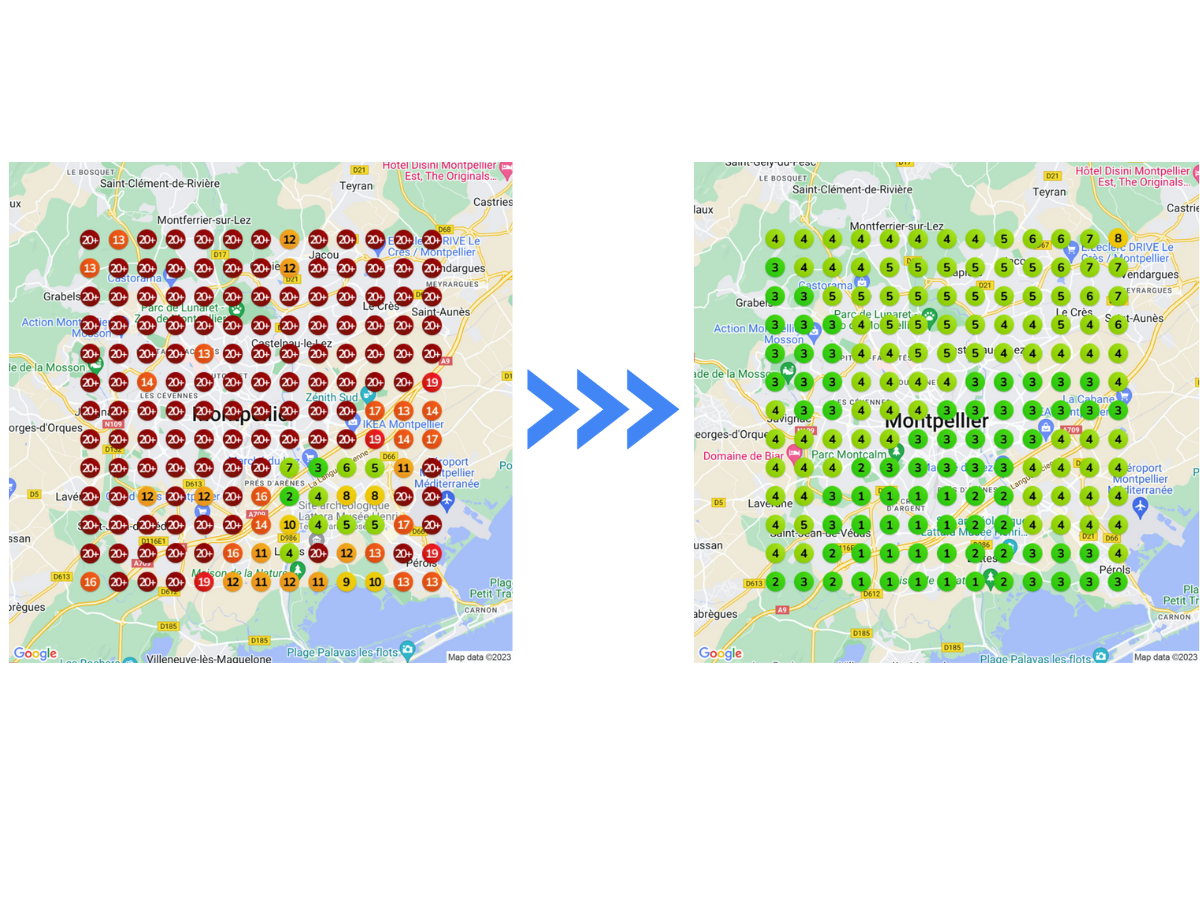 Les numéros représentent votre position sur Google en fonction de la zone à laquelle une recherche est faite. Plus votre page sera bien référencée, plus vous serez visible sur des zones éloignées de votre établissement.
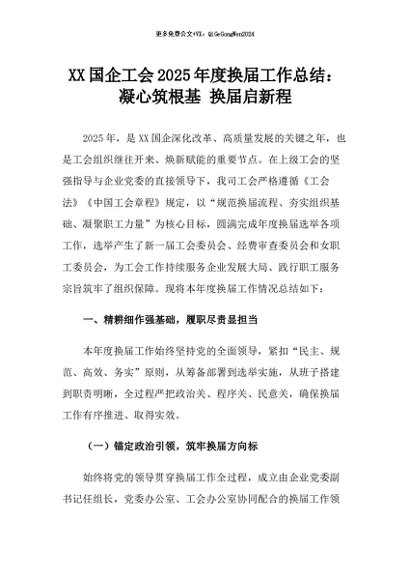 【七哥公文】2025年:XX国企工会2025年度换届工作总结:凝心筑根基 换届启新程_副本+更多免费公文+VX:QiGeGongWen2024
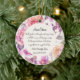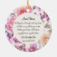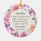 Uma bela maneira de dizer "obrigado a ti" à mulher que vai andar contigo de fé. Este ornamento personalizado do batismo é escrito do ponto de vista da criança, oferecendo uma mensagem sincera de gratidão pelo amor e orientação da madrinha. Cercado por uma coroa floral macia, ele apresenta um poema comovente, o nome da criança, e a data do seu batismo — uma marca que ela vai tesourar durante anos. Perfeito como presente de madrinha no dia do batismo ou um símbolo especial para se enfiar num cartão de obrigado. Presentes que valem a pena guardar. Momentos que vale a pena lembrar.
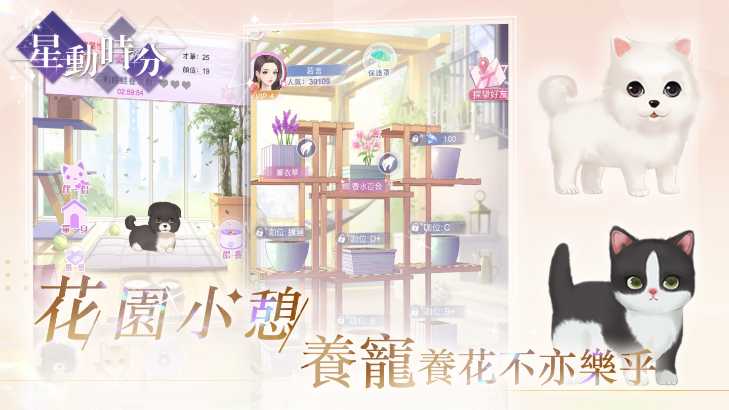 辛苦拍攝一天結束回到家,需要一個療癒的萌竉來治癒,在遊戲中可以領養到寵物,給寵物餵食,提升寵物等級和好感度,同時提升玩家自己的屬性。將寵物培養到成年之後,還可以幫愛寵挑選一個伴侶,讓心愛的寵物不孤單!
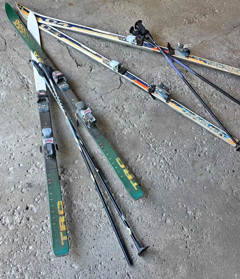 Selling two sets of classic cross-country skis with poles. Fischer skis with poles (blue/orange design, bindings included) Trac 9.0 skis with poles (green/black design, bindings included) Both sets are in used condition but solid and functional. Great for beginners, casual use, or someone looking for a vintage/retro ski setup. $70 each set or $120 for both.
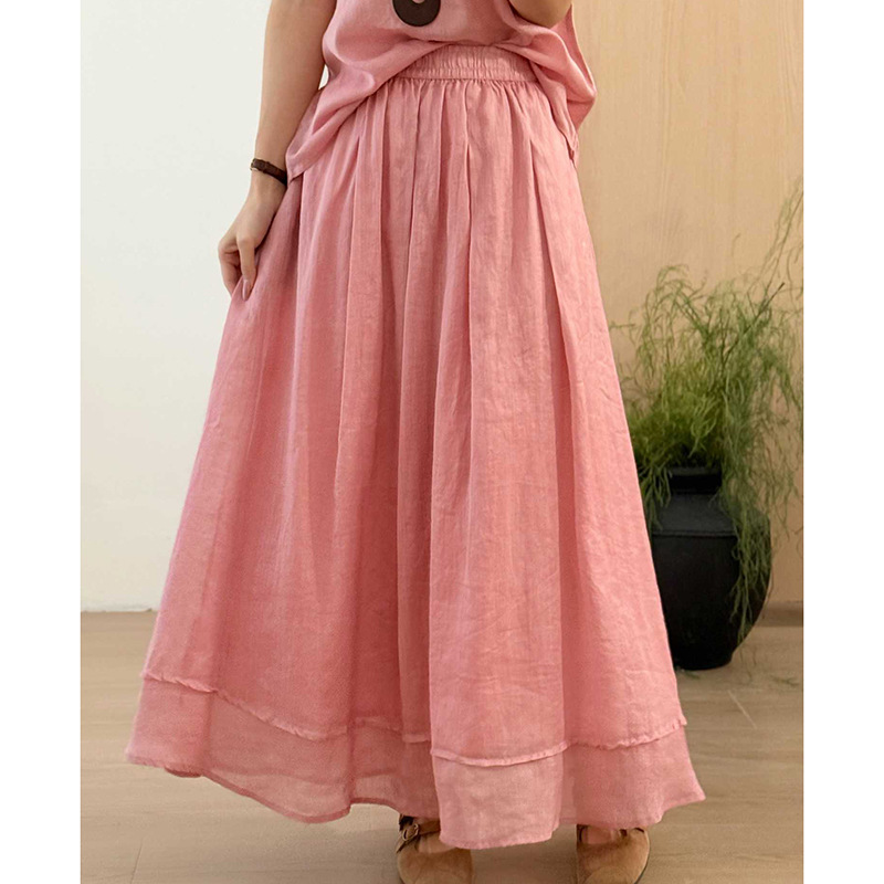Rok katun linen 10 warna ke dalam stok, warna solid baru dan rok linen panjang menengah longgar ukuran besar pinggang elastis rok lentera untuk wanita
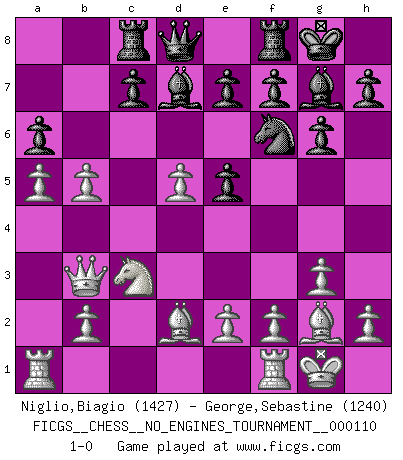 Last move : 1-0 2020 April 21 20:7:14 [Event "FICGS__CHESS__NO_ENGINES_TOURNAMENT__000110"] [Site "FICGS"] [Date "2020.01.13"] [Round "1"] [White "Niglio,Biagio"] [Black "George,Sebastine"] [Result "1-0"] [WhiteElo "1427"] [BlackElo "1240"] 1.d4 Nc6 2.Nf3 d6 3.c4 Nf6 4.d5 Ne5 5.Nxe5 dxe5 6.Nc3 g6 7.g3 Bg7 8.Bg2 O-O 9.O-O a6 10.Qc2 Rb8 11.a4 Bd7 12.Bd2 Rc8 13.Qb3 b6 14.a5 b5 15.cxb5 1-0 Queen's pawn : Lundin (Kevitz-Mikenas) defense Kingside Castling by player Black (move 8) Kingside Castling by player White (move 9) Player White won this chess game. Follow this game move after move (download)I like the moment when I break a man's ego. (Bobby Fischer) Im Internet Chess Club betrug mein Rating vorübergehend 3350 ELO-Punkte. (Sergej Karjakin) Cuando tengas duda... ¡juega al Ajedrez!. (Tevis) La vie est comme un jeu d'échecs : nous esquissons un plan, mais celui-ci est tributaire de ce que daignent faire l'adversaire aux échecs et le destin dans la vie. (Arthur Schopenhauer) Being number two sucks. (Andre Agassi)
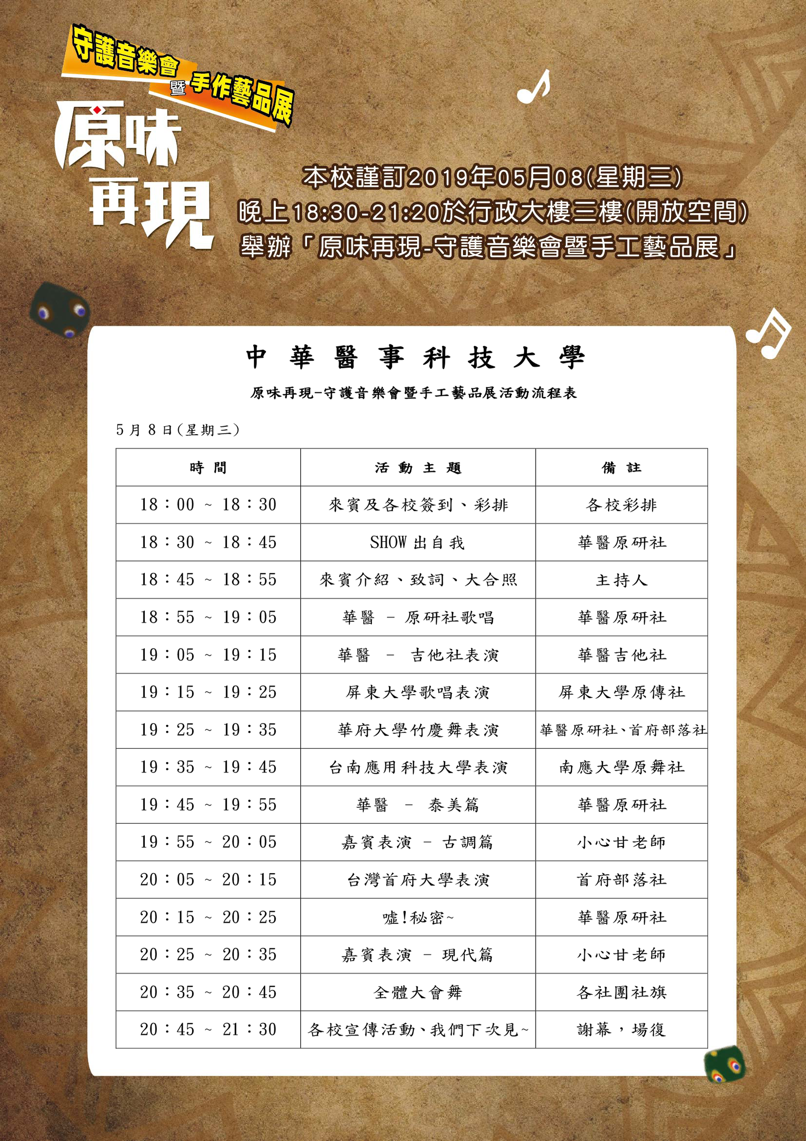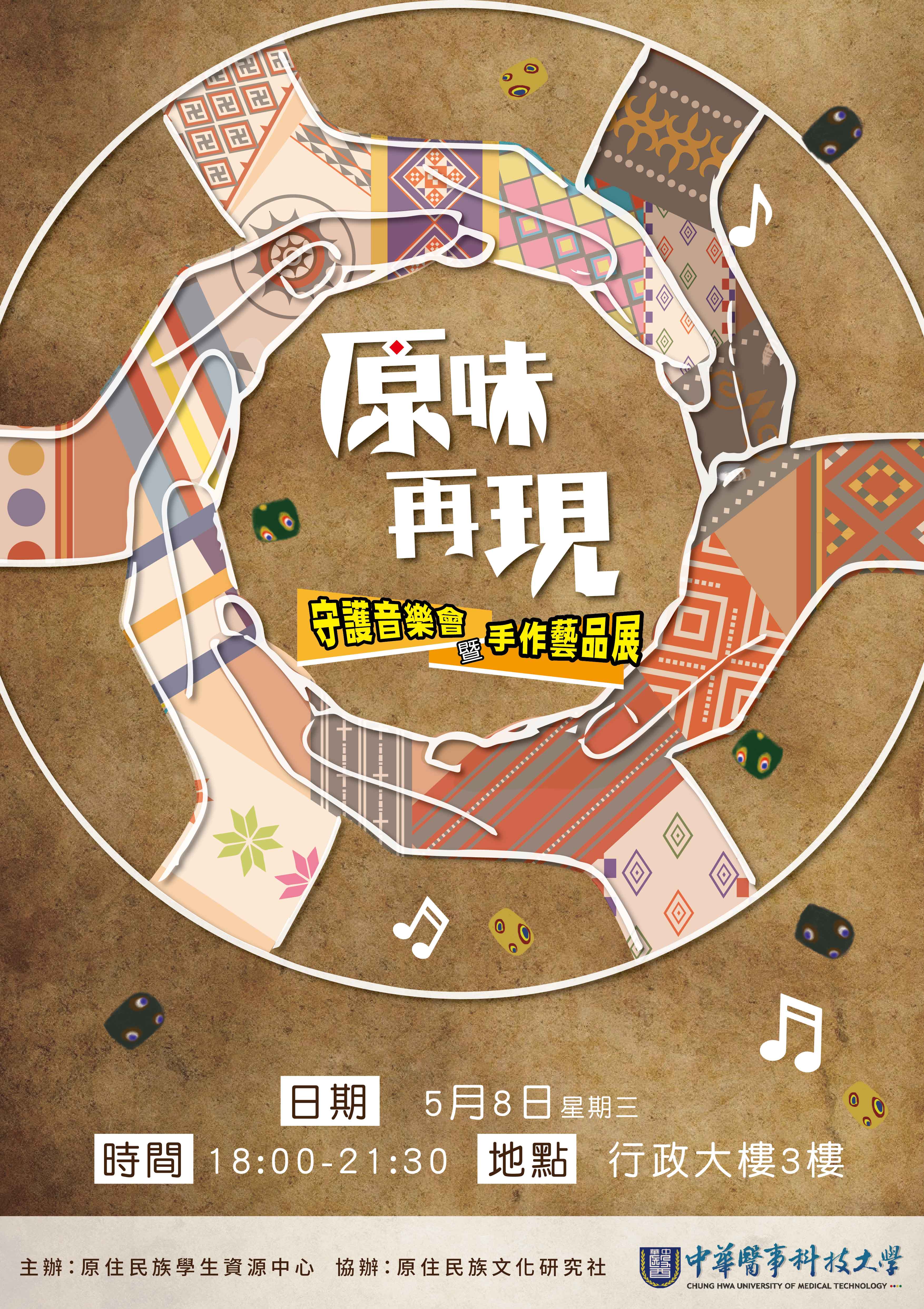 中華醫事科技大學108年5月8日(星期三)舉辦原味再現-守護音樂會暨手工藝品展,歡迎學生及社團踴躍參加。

- - -

ACTION ITEM: From the data above, retype only the lines starting with the line with "Uma bela maneira" and going on through the line with "辛苦拍攝一天結束回到家,需要", exactly, leaving out the pictures.

OUTPUT BELOW:
 Uma bela maneira de dizer "obrigado a ti" à mulher que vai andar contigo de fé. Este ornamento personalizado do batismo é escrito do ponto de vista da criança, oferecendo uma mensagem sincera de gratidão pelo amor e orientação da madrinha. Cercado por uma coroa floral macia, ele apresenta um poema comovente, o nome da criança, e a data do seu batismo — uma marca que ela vai tesourar durante anos. Perfeito como presente de madrinha no dia do batismo ou um símbolo especial para se enfiar num cartão de obrigado. Presentes que valem a pena guardar. Momentos que vale a pena lembrar.
 辛苦拍攝一天結束回到家,需要一個療癒的萌竉來治癒,在遊戲中可以領養到寵物,給寵物餵食,提升寵物等級和好感度,同時提升玩家自己的屬性。將寵物培養到成年之後,還可以幫愛寵挑選一個伴侶,讓心愛的寵物不孤單!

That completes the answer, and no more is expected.